Several prominent financial services providers in Thailand are already using AI for key functions. Since 2017, AEC Securities in Thailand has used the AIPRO, an AI service which executes trading strategy using in-depth data analysis. AIPRO also adjusts its recommended strategies based on shifting market conditions and historical trading patterns.

Kasikorn Bank uses AI for SME credit analysis and micro-loan underwriting. The software quickly analyzes client behavior to determine creditworthiness. It then allows accepted clients to obtain loans of up to THB 1 million, with the entire process taking only one minute via mobile phone. The bank estimated it would give out loans in excess of THB 3 billion through the platform last year.

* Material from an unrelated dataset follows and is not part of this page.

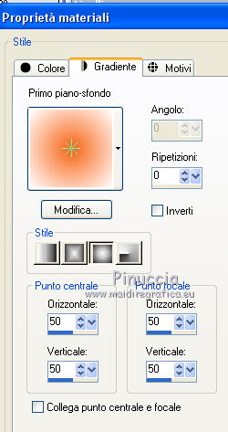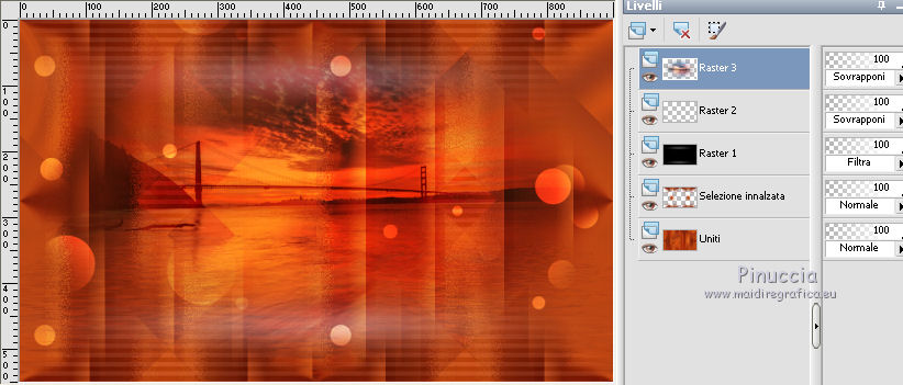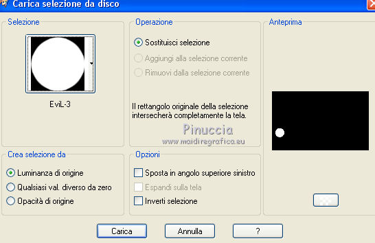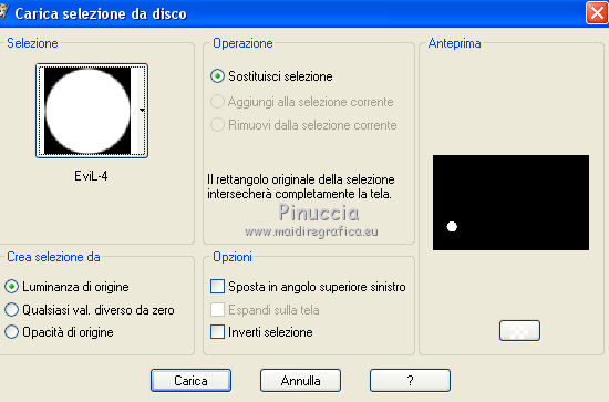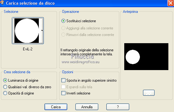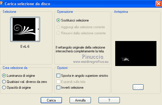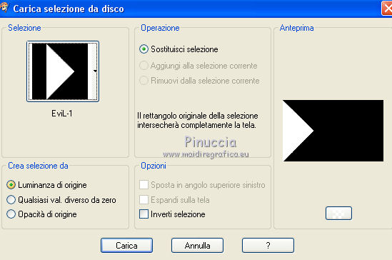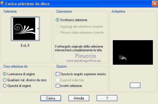 qui puoi trovare qualche risposta ai tuoi dubbi. Se l'argomento che ti interessa non è presente, ti prego di segnalarmelo. Questo tutorial è stato scritto con CorelX6 e tradotto con Corel X e CorelX2, ma può essere realizzato anche con le altre versioni di PSP. Dalla versione X4, il comando Immagine>Rifletti è stato sostituito con Immagine>Capovolgi in orizzontale, e il comando Immagine>Capovolgi con Immagine>Capovolgi in verticale. Nelle versioni X5 e X6, le funzioni sono state migliorate rendendo disponibile il menu Oggetti. Con la nuova versione X7, sono tornati Rifletti>Capovolgi, ma con nuove varianti. Vedi la scheda sull'argomento qui traduzione in francese/traduction en français qui/iciVersioni/Versions qui Occorrente: Materiale qui Grazie: per i tubes Nadège, Animabelle e Sonia; per la maschera Narah. Il resto del materiale è di Ceylan (in questa pagina trovi i links ai siti dei creatori di tubes) Filtri: se hai problemi con i filtri, consulta la mia sezione filtri qui Filters Unlimited 2.0 qui Flaming Pear - Flood qui Alien Skin Eye Candy 5 Impact - Perspective Shadow, Glass qui Mehdi - Wavy Lab 1.1 qui Carolaine and Sensibility - CS-HLines qui Simple - Pizza Slice Mirror qui AAA Filters - Custom qui I filtri Simple si possono usare da soli o importati in Filters Unlimited. (come fare vedi qui). Se un filtro fornito appare con questa icona ![]() non esitare a cambiare modalità di miscelatura e opacità secondo i colori utilizzati. Nelle ultime versioni di PSP non c'è il gradiente di primo piano/sfondo (Corel_06_029) Puoi usare i gradienti delle versioni precedenti. Trovi qui i gradienti Corel X. Metti i presets Cliccando sul file una o due volte (a seconda delle tue impostazioni), automaticamente il preset si installerà nella cartella corretta. perchè uno o due clic vedi qui Metti i pennelli nella cartella Pennelli. Attenzione, ogni pennello è composto da due files che non devono essere separati. Vedi gli appunti sui pennelli qui Metti le selezioni nella cartella Selezioni. Apri la maschera in Psp e minimizzala con il resto del materiale. 1. Imposta il colore di primo piano con #f86414, e il colore di sfondo con #852d17. ![]() 2. Apri una nuova immagine trasparente 900 x 550 pixels. Effetti>Plugins>Mehdi - Wavy Lab 1.1. questo filtro lavora con i colori della paletta: il primo è il colore di sfondo, il secondo quello di primo piano; mantieni gli ultimi due colori creati dal filtro. ![]() 3. Regola>Sfocatura>Sfocatura radiale. ![]() 4. Effetti>Plugins>Simple - Pizza Slice Mirror. Regola>Messa a fuoco>Metti a fuoco. 5. Effetti>Effetti di immagine>Motivo unico, con i settaggi standard. ![]() 6. Effetti>Plugins>Flaming Pear - Flood. ![]() 7. Apri il tube 1EviLDeco-PSP e vai a Modifica>Copia. Torna al tuo lavoro e vai a Modifica>Incolla come nuovo livello. Livelli>Unisci>Unisci visibile. ![]() 8. Selezione>Carica/Salva selezione>Carica selezione da disco. Cerca e carica la selezione Evil-1. ![]() Selezione>Innalza selezione a livello. 9. Effetti>Plugins>Carolaine and Sensibility - CS-HLines. ![]() Selezione>Deseleziona. 10. Livelli>Duplica. Immagine>Rifletti. Livelli>Unisci>Unisci giù. 11. Effetti>Effetti di immagine>Motivo unico, con i settaggi standard. ![]() 12. Effetti>Effetti di immagine>Motivo unico. ![]() 13. Selezione>Seleziona tutto. Livelli>Nuovo livello raster. Apri l'immagine 1EviL.jpg e vai a Modifica>Copia. Torna al tuo lavoro e vai a Modifica>Incolla nella selezione. Selezione>Deseleziona. Cambia la modalità di miscelatura di questo livello in Filtra. 14. Apri il tube 2EviL.png e vai a Modifica>Copia. Torna al tuo lavoro e vai a Modifica>Incolla come nuovo livello. Cambia la modalità di miscelatura di questo livello in Sovrapponi. 15. Apri il tube del paesaggio di Animabelle e vai a Modifica>Copia. Torna al tuo lavoro e vai a Modifica>Incolla come nuovo livello, Raster 3. Cambia la modalità di miscelatura di questo livello in Sovrapponi. ![]() 16. Apri il tube EviLDeco-1 e vai a Modifica>Copia. Torna al tuo lavoro e vai a Modifica>Incolla come nuovo livello. 17. Effetti>Effetti di immagine>Scostamento. ![]() Risultato ![]() 18. Livelli>Nuovo livello raster. Selezione>Carica/Salva selezione>Carica selezione da disco. Cerca e carica la selezione Evil-2. ![]() Imposta il colore di primo piano con #444444 e il colore di sfondo con #ff0000. ![]() Riempi con il colore di primo piano #444444.Selezione>Modifica>Contrai - 10 pixels. ![]() Riempi con il colore di sfondo #ff0000.Selezione>Modifica>Contrai - 10 pixels. Riempi con il colore di primo piano #444444.Selezione>Modifica>Contrai - 10 pixels. 18. Apri il tube del paesaggio di Sonia e vai a Modifica>Copia. Torna al tuo lavoro e vai a Modifica>Incolla nella selezione. 19. Effetti>Plugins>Alien Skin Eye Candy 5 Impact - Glass. Seleziona il preset EviL e ok. ![]() Regola>Messa a fuoco>Metti a fuoco. Selezione>Deseleziona. 20. Effetti>Effetti 3D>Sfalsa ombra, colore nero. ![]() 21. Livelli>Nuovo livello raster. Selezione>Carica/Salva selezione>Carica selezione da disco. Cerca e carica la selezione Evil-3. ![]() Riempi con il colore di primo piano #444444.Selezione>Modifica>Contrai - 10 pixels. ![]() Riempi con il colore di sfondo #ff0000.22. Effetti>Plugins>Alien Skin Eye Candy 5 Impact - Glass. Seleziona il preset EviL1 e ok. ![]() Selezione>Deseleziona. 23. Effetti>Effetti 3D>Sfalsa ombra, con i settaggi precedenti. ![]() 24. Livelli>Nuovo livello raster. Selezione>Carica/Salva selezione>Carica selezione da disco. Cerca e carica la selezione Evil-4. ![]() Riempi con il colore di primo piano #444444.Selezione>Modifica>Contrai - 8 pixels. ![]() Riempi con il colore di sfondo #ff0000.25. Effetti>Plugins>Alien Skin Eye Candy 5 Impact - Glass - preset EviL-1. Selezione>Deseleziona. 26. Effetti>Effetti 3D>Sfalsa ombra, con i settaggi precedenti. ![]() 27. Livelli>Nuovo livello raster. Selezione>Carica/Salva selezione>Carica selezione da disco. Cerca e carica la selezione Evil-5. ![]() Riempi con il colore di primo

Many Thai banks are already using chatbots – most notably, SCB’s Connect, Krungsri’s Bella, and TMB’s Me. Chatbots can respond to customer inquiries and complaints through content-based and contextual interpretation of clients’ text messages. The bots are faster and more efficient than any person at answering simple questions, freeing up employees for more important tasks.

Other benefits of AI in security and compliance

The ability of AI to detect patterns can be used in other ways as well. For example, AI also opens the door to quicker, more accurate fraud detection and prevention. It can track past spending behaviors to pinpoint abnormal account activity – such as using a card in another country too soon after use in the home country, or attempting to withdraw unusually large sums of money. These types of AI capabilities will also improve with use. Once a human corrects an erroneous fraud detection, the system will continue to learn and make increasingly sophisticated judgements.

With better-than-human image recognition, and an ability to simultaneously sync with various databases, AI offers an excellent way to verify identity and perform background checks more accurately than ever before.

High value proposition partners for the future

AI is already instrumental in unlocking the potential of big data, and its influence will grow ever stronger in the future. Financial services organizations must adapt to this digital disruption or risk falling far behind their competitors.

The process of implementing AI will create drastic change across any organization. It is therefore of crucial importance that AI be implemented carefully, and with a clear plan for the future.

Some financial institutions hesitate to make a full commitment to this new technology, and decide to adopt it in a piecemeal manner for individual projects. Yet the very power of AI rests in its ability to integrate different types of information from a variety of sources. An organization-wide commitment to the adoption of AI is essential to reap the full benefits of big data analysis.

Far from replacing humans, the best use of AI in financial services involves working in conjunction with trained personnel. AI is well suited to large-scale repetitive jobs, which frees up human capital to deal with the more subtle and interesting aspects of financial services, thereby adding value even to the parts of the business that AI does not directly touch.

Like all the best tools, AI should be understood as a resource that empowers those who know how to use it. Although foreign and perhaps mysterious at first, it is quickly revolutionizing the financial world in much the same way as the invention of the calculator. As with other disruptive technologies, the businesses that adopt it intelligently will pull far, far ahead of their more traditional counterparts. In an industry as competitive as financial services– or any other data-rich environment – embracing the future is indeed the only way to stay viable.